The following example is from a few seconds later, after thread 3 had completed its first initTransactions call:
Rate: 2.00 KAFKA_AVRO 12-APR-2019 16:57:40.00
================================================================================
In: 12-APR-2019 16:53:05.10 [ 4.6m] KAFKA: 12-APR-2019 16:53:04.95 [ 4.6m]
Chkpt 1 Recs 418
CLM 4.5m | Inpt 0.1% Cnvt 78.3%
0123 ---------------------------- ------------ Sort 0.0% Trgt 21.6%
>>>> LML 3.81 Sync 0.0% Ckpt 0.0%
[ 0.30] 0 commitTrans[recs:121]
[ 1.03] 1 commitTrans[recs:129]
[ 0.74] 2 commitTrans[recs:121]
[ 0.47] 3 send(RegTest.PEOPLE(Commit TAD: 12-APR-2019 16:53:05.09 Read TAD
In this example, threads 0, 1, and 2 are executing Kafka commitTrans calls while thread 3 is publishing a message to the topic RegTest.PEOPLE.
Kafka Consumer
Because of the wide variety of potential requirements for consuming Kafka messages, the JCC LogMiner Loader Kafka Option does not include a Kafka Consumer.
Within the JCC LogMIner Loader regression test environment, we use custom Java programs to consume JSON and Avro messages. In this test environment, the messages are parsed and applied to a target database using a JDBC driver. This allows us to use existing tools to compare the target data with the source data.
In an environment that is using Kafka to integrate multiple data sources into a data lake, tools may already exist to consume Kafka messages.
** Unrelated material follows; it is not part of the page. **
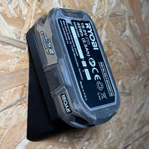 Veggfeste til Ryobi 18V batteri – 3D-printet i PETG

Existing products (SQLStream for example) can be used to consume and process Kafka messages. Oracle has discussed (but not yet released) tools to allow Kafka messages to be mapped as Oracle external tables.
If you need assistance in setting up Kafka consumers in your environment, please contact us.
Ultimate Target
In the JCC LogMiner Loader test environment, the Kafka consumers apply the data to a target database using JDBC drivers. This allows us to compare the target data with the source data using our existing testing tools, but it is not the most likely architecture for a production data replication environment.
The use case that provided the impetus for the JCC LogMiner Loader Kafka Option was integrating Rdb data into a corporate data lake that contains information from multiple corporate sources.The goal of the data lake is to provide integrated input for larger data analysis projects.
Kafka could also be used to provide input for a management dashboard.
Once data is available in Kafka, there are a wide variety of tools and resources that can utilize the data.
Resources
The JCC LogMiner Loader Kafka Option documentation provides more information about publishing Rdb committed transactions to Kafka servers.
The JCC LogMiner Loader V3.6 Release Notes and JCC LogMiner Loader V3.6 Documentation provide additional information about JCC LogMiner Loader capabilities.